You have had the benefit of both Adamson and Wright JJ’s judgments, which each described specific problems with your pleadings and the manner by which they could be rectified. For example, Wright J made comments from  to  in relation to the material facts and particulars required to identify each alleged infringement (which are not apparent in your Federal Court statement of claim).
Instead of having regard to those judgments, the statement of claim and originating application exhibit the same inadequacies as those already determined to be frivolous, vexatious and an abuse of process by the earlier proceeding. On that basis alone, it is plain that you are conducting, and intend to continue to conduct, the Federal Court proceedings vexatiously.
Our client remains of the view that your claim has no substance and is unmeritorious. Upon considering the history of the prior proceedings and the material now filed, it is evident that the proceeding will be dismissed and your claim will fail. A consequence of that will be a further costs order made against you in addition to the costs order already outstanding, which you will be liable to pay.
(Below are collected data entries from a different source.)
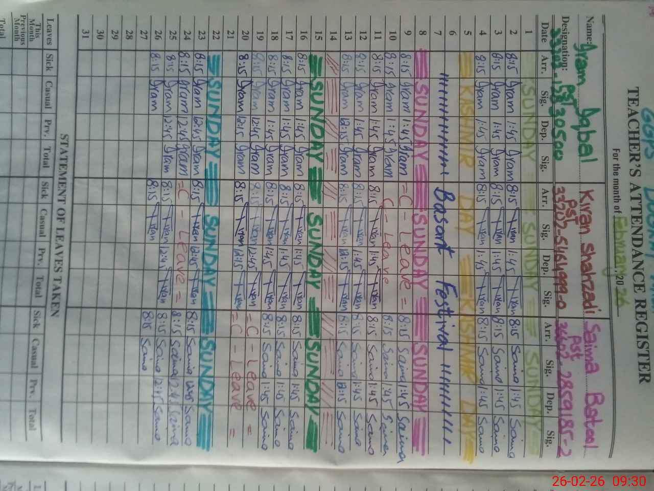 | Name: AS**** PE**** Designation: (School Headmaster's/Headmistress's) PST Phone/Cell Number: 03**** |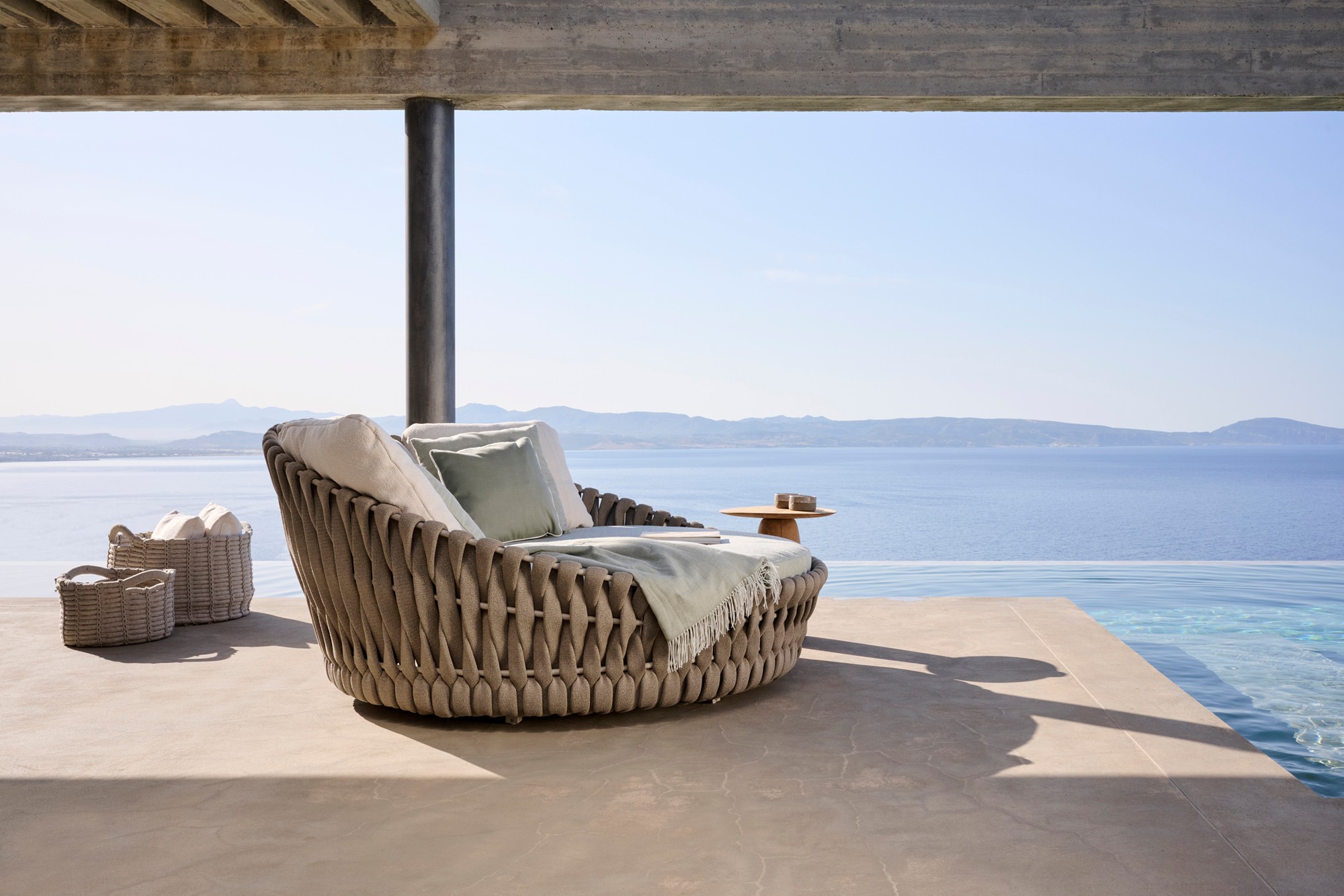 The idea of GOBI was inspired by Ilia Eckardt's innovative handmade crochet technique and is an enlarged version of a heritage knit stitch. It's an impressive handmade piece consisting of recycled yarn, with strong visual impact and a reflection of true skill. The contemporary take on celebrated craftsmanship and the presence of a mood-enhancing organic feel flawlessly embody nature. The handmade basket collection is a start of an accessory line, bringing a family of shapes used for decoration, storage, planters, and more.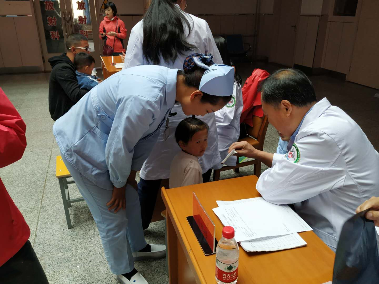 活动中,一位在母亲怀中的小女孩哭闹不止,这引起了骨科马延超副主任医师的注意,经过询问及现场检查,确诊为桡骨小头半脱位。随着“咔”的复位声响起,小女孩逐渐停止了哭闹,依偎在母亲的怀中甜甜入睡,小女孩的母亲拉着马彦超医师的手,一直说着“谢谢”、“谢谢”。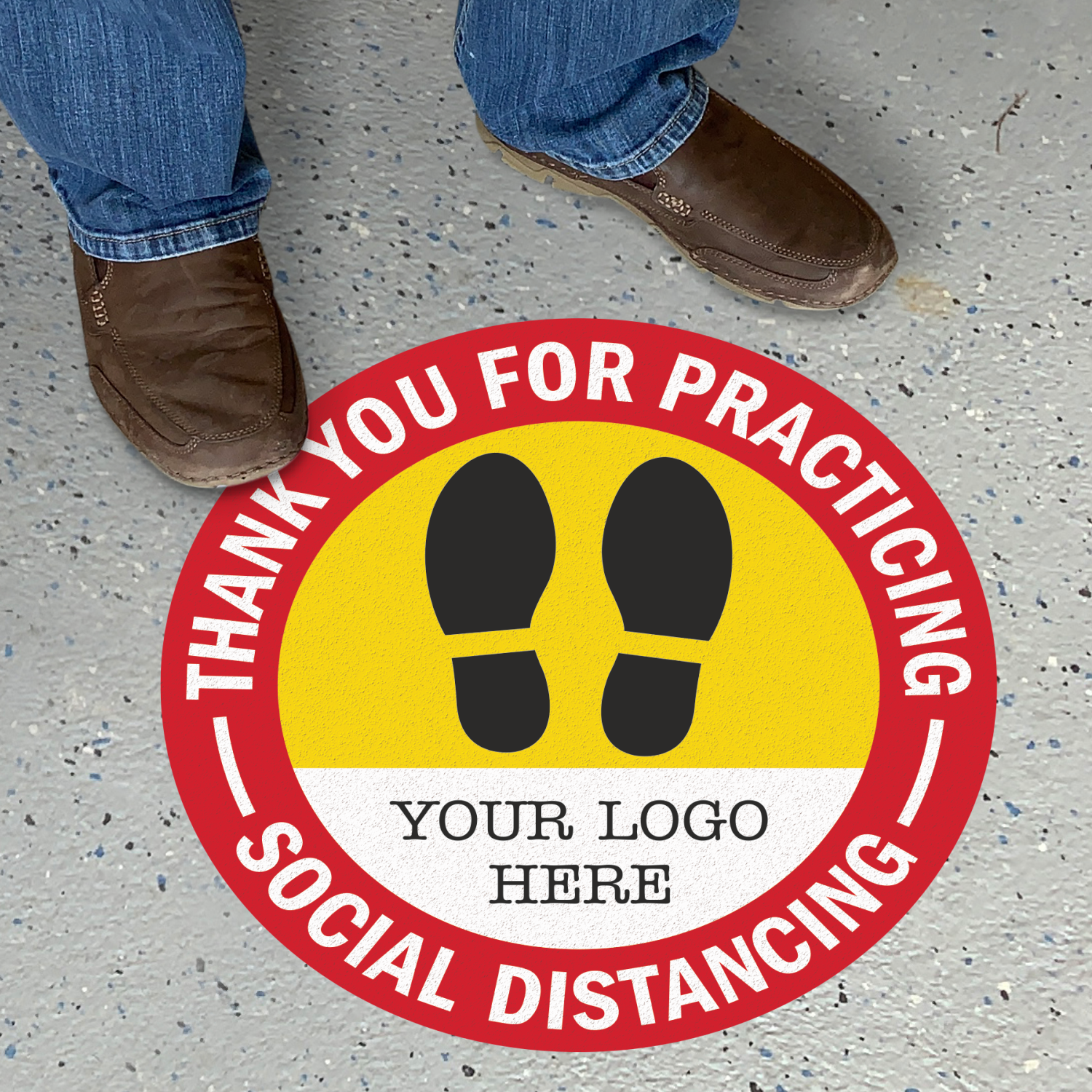 SlipSafe⢠Custom Floor Sign: Thank You For Practicing Social Distancing, Add Your Logo Here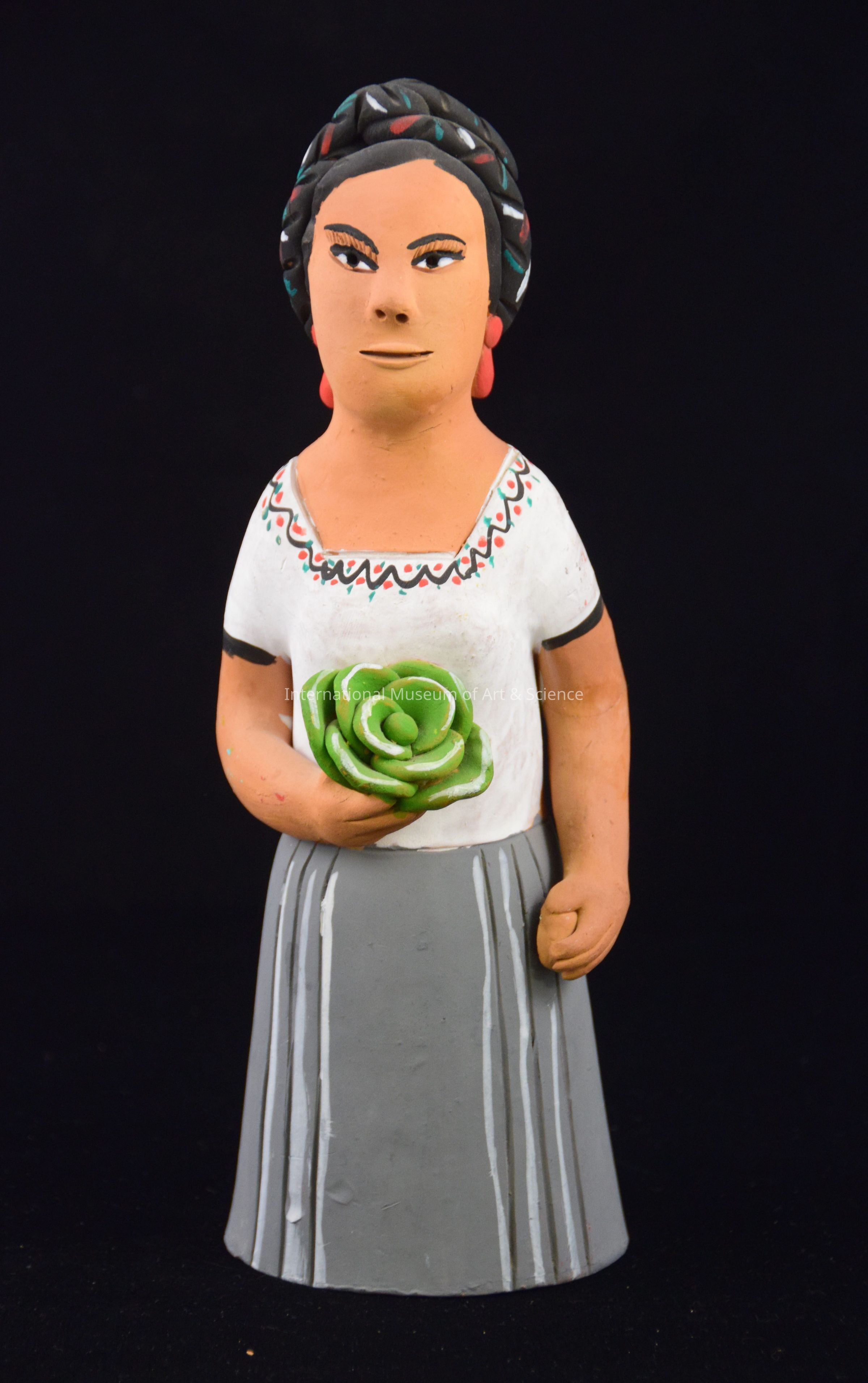 A ceramic figurine of a woman. The piece is painted to show the woman wearing a white blouse, a grey skirt, and red earrings, with her hair braided. The figure is holding a bundle of cabbage.Ethnography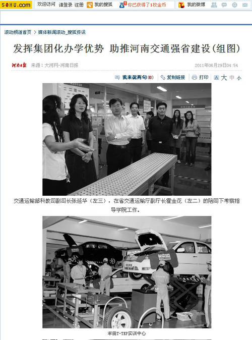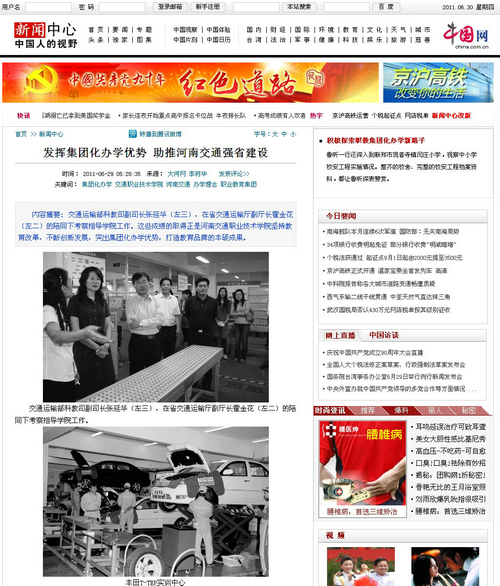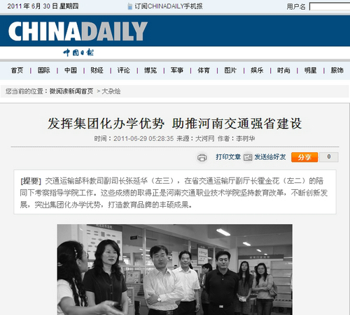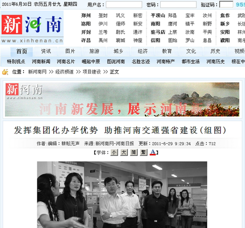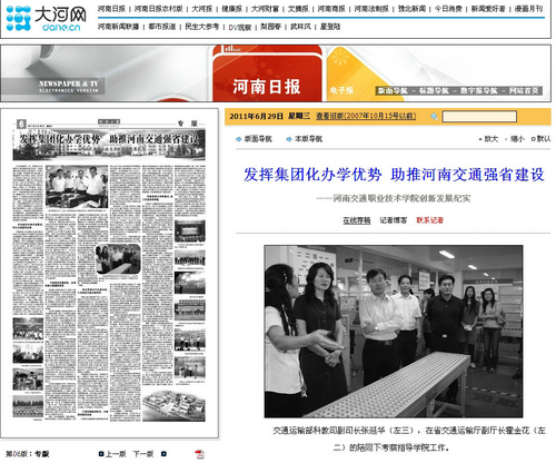 2011年6月22日,河南交通职业技术学院内彩旗招展、繁花似锦、生机盎然。河南省交通运输职业教育集团2011年理事大会经过精心筹备在此隆重召开,省教育厅、省交通运输厅相关与会领导高度肯定了河南省交通运输职业教育集团和学院的工作,认为河南省交通运输职业教育集团自成立以来,不断创新体制机制,深化校企校际合作,已初步形成了主管部门重视、企业参与积极、校企结合紧密的良好发展格局,学院及交通职教集团的创新发展符合职业教育的规律,符合河南的省情,符合经济社会发展的要求,河南交院在探索职业教育集团化办学,推进教育体制机制创新和人才培养模式改革等方面,发挥了积极的引领作用。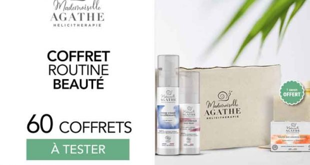 60 coffrets beauté Mademoiselle Agathe bio à tester : Confrontée au stress oxydatif, aux UV et à la pollution, votre peau a besoin de soutien ! Pour prendre soin de votre peau, découvrez le coffret Mademoiselle Agathe bio, une routine de soins complète pour apporter confort et soin à toutes les peaux grâce à la synergie exclusive de la bave d’escargot et d’actifs hydratants. Venez tester en exclusivité cette semaine le coffret Mademoiselle Agathe bio !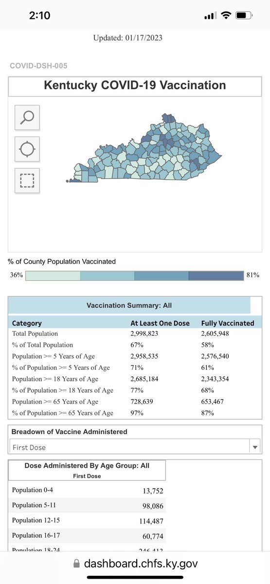 Kentuckians continue to die from COVID by the bushel week in and week out, while refusing the COVID vaccine chfs.ky.gov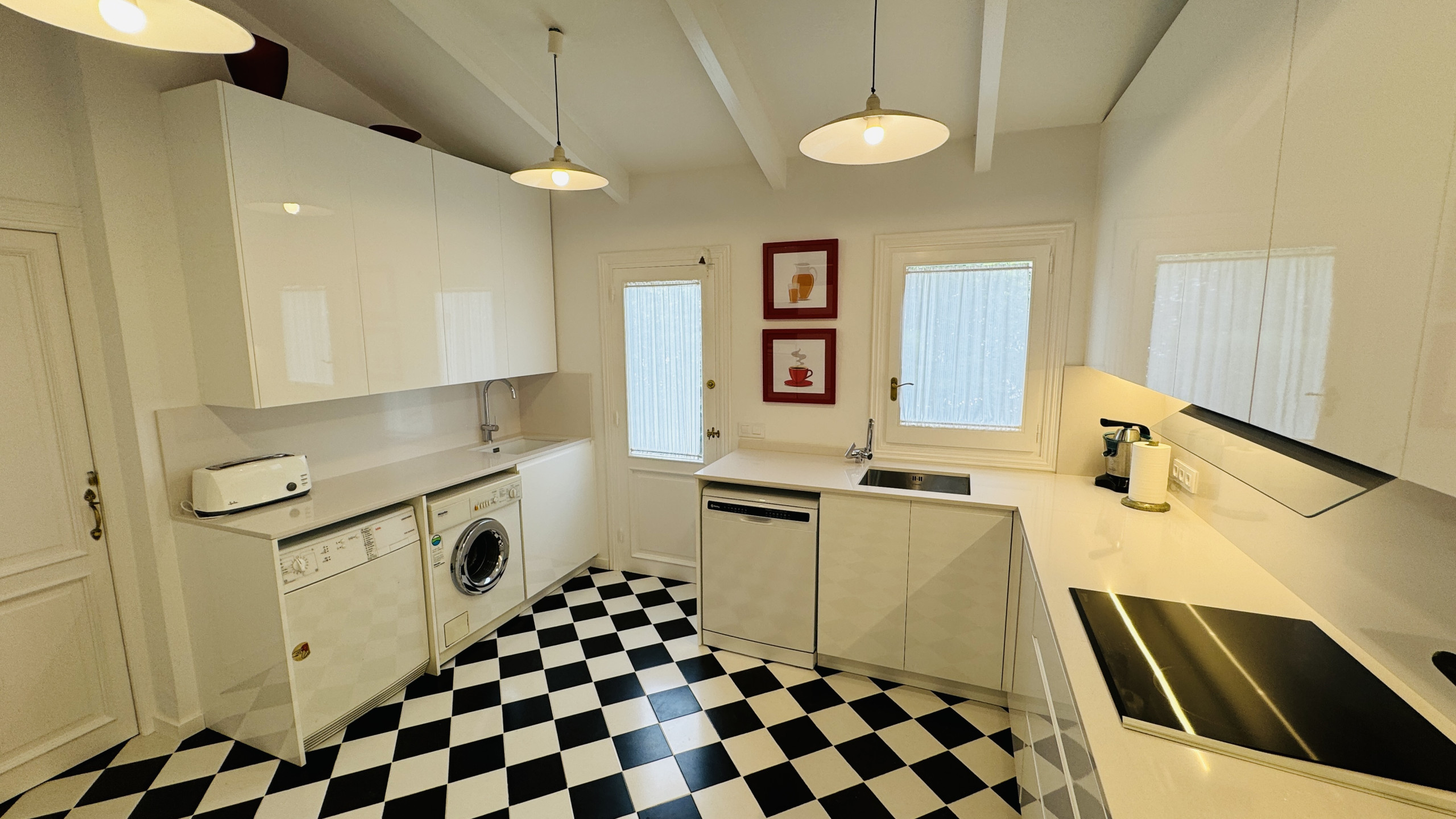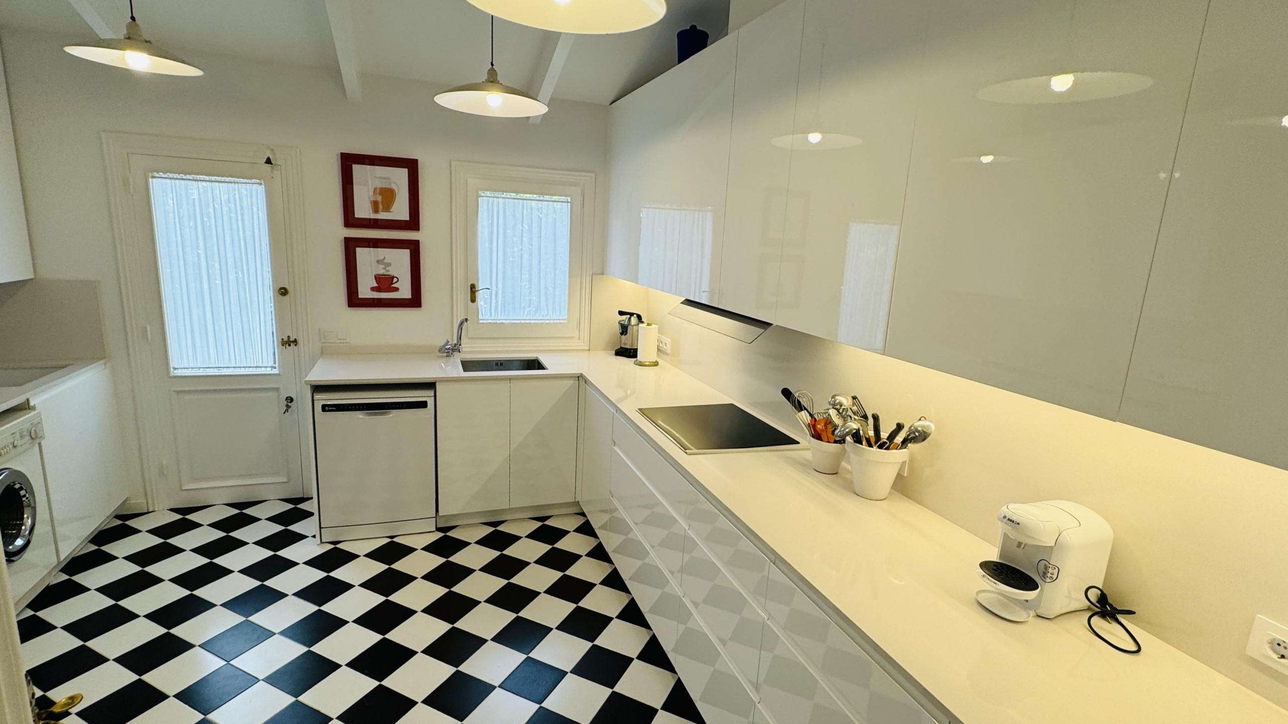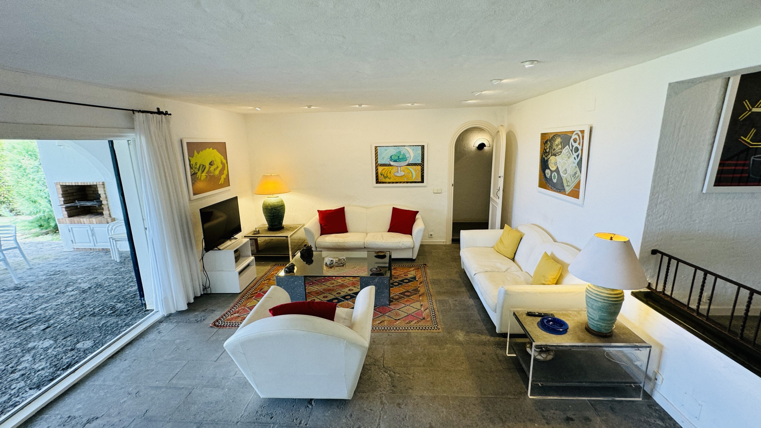 Practically the entire house is on a single floor with sea views, natural light and has air conditioning in all rooms on the main level. From the living/dining room, open to the kitchen, you can access on one side a large main bedroom with a dressing room and an en-suite bathroom with an independent design bathtub and shower. On the other side of the house are 2 double bedrooms and 2 bathrooms with a shower.

If you will not withdraw your claim, we invite you to file and serve an amended statement of claim and originating application to remedy the problems with your current pleading. Our client will then require an extension of 28 days from the date of service of the amended originating application and amended statement of claim to file any appearance and defence.
If you intend to take that course, please advise us by no later than 4:00pm on 5 November 2021.
If you do not communicate that intention to us by 4:00pm on 5 November 2021, we will proceed on the basis that you do not intend to amend your pleadings and our client will file an application for summary dismissal or strike out.
34 Ms Karlsson did not reply to this letter. Rather, on 22 November 2021 she filed her first interlocutory application. The next day the University filed its interlocutory application and on 2 February 2022 Ms Karlsson filed her second interlocutory application.
Ms Karlsson’s interlocutory application
35 This is Ms Karlsson’s second interlocutory application.
36 The basis of this application was that the University had not filed a defence within 28 days after service of the statement of claim, contrary to r 16.32 of the Rules. The application must be dismissed because on 11 February 2022, pursuant to r 1.34, I dispensed with the requirement for the University to file a defence until further order of the Court. Rule 1.34 entitles the Court to dispense with compliance with any of the Rules, “either before or after the occasion for compliance arises”. There were obvious problems with Ms Karlsson’s pleading, discussed below. It was impossible for the University to plead to it.
37 The interlocutory application also sought orders in respect of the costs incurred in the Supreme Court action. No arguments were advanced in support of them. In any event, this aspect of the interlocutory application was misconceived. It is not open to the Court in this proceeding to make those orders.
The University’s interlocutory application
38 The University applied for summary judgment pursuant to s 31A(2) of the Federal Court of Australia Act 1976 (Cth) (FCA Act) and r 26.01 of the Rules. In the alternative it applied for an order striking out the whole of Ms Karlsson’s originating application and statement of claim pursuant to r 16.21(1).
The legislative framework
39 The power to order summary judgment is conferred both by the FCA Act and the Rules.
40 Section 31A of the FCA Act relevantly provides that:
(2) The Court may give judgment for one party against another in relation to the whole or any part of a proceeding if:
(a) the first party is defending the proceeding or that part of the proceeding; and
(b) the Court is satisfied that the other party has no reasonable prospect of successfully prosecuting the proceeding or that part of the proceeding.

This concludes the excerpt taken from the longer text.